Creating Scatterplots and Regression Lines with ggplot2
While base R is sufficient for creating scatterplots and regression lines, the ggplot2
package allows for more flexibility and customization. To use ggplot2
, you first need to install and load it into your R environment:
install.packages("ggplot2")
library(ggplot2)
Scatterplot
The syntax of ggplot2
involves initializing a ggplot object and adding layers to it.

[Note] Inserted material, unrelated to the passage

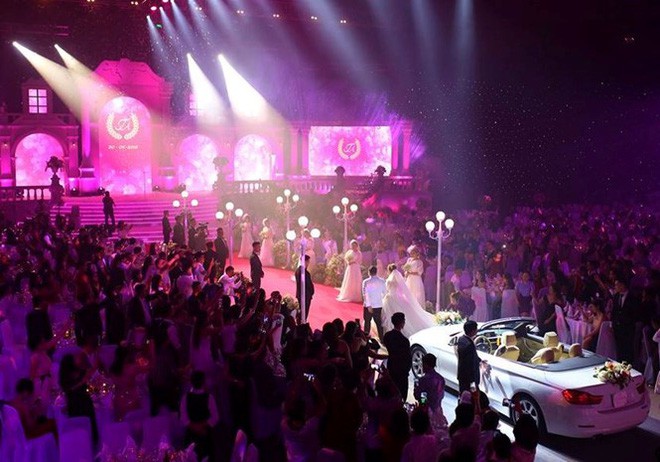 Toàn bộ không gian tiệc cưới được mô phỏng như một đêm đại nhạc hội, được trang trí bằng hoa tươi, trong hội trường cưới còn xuất hiện cả chiếc ô tô mui trần hiệu BMW, chiếc xe chú rể đã dùng để đón cô dâu ra phía trước hội trường cưới.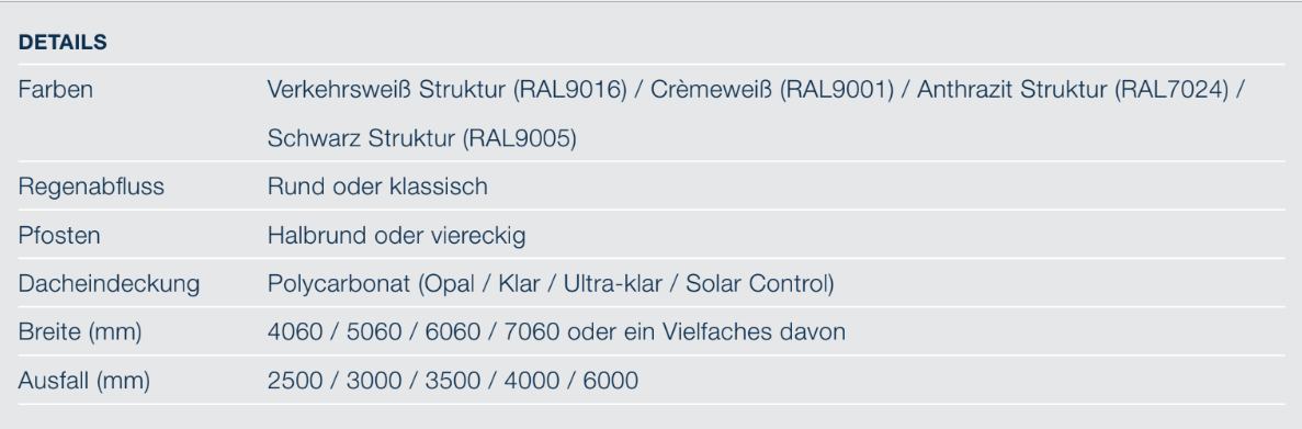 Diese Terrassenüberdachung ist perfekt verarbeitet und bietet eine breite Auswahl hinsichtlich der Verarbeitung, zum Beispiel einen runden oder klassischen Regenwasserabfluss und halbrunde oder viereckige Pfosten. Dadurch können Sie dieses Modell komplett entsprechend Ihrem Stil, Geschmack und Wünschen anpassen und dafür sorgen, dass es perfekt zu Ihrem Haus und Garten passt.

To create a scatterplot:
ggplot(mtcars, aes(x = hp, y = mpg)) +
geom_point() +
labs(x = "Horsepower", y = "Miles Per Gallon", title = "Scatterplot of MPG vs HP")

Here, aes
is used to assign the hp
variable to the x-axis and mpg
to the y-axis. geom_point
then creates the scatterplot. labs
is used to provide labels for the x-axis, y-axis, and the plot title.
Regression Line
To add a regression line, we use the geom_smooth
function with the method argument set to “lm”:
ggplot(mtcars, aes(x = hp, y = mpg)) +
geom_point() +
geom_smooth(method = lm, se = FALSE, color = "red") +
labs(x = "Horsepower", y = "Miles Per Gallon", title = "Scatterplot of MPG vs HP with Regression Line")

In geom_smooth
, method = lm
indicates that a linear model should be used, se = FALSE
removes the shaded confidence interval around the line, and color = "red"
makes the line red for visibility.
Interpreting the Plot
With the scatterplot and regression line complete, you can start interpreting the plot. The scatterplot gives you a general idea of the relationship between the variables. The regression line can provide insights into the nature of the relationship. A steeper slope indicates a stronger relationship between the variables. However, keep in mind that correlation does not imply causation – additional analysis would be necessary to determine any causal relationships.
Conclusion
Scatterplots with regression lines are powerful tools for exploring the relationship between two quantitative variables. Both base R and ggplot2
offer robust functionalities for creating these plots, with ggplot2
offering additional flexibility and customization options.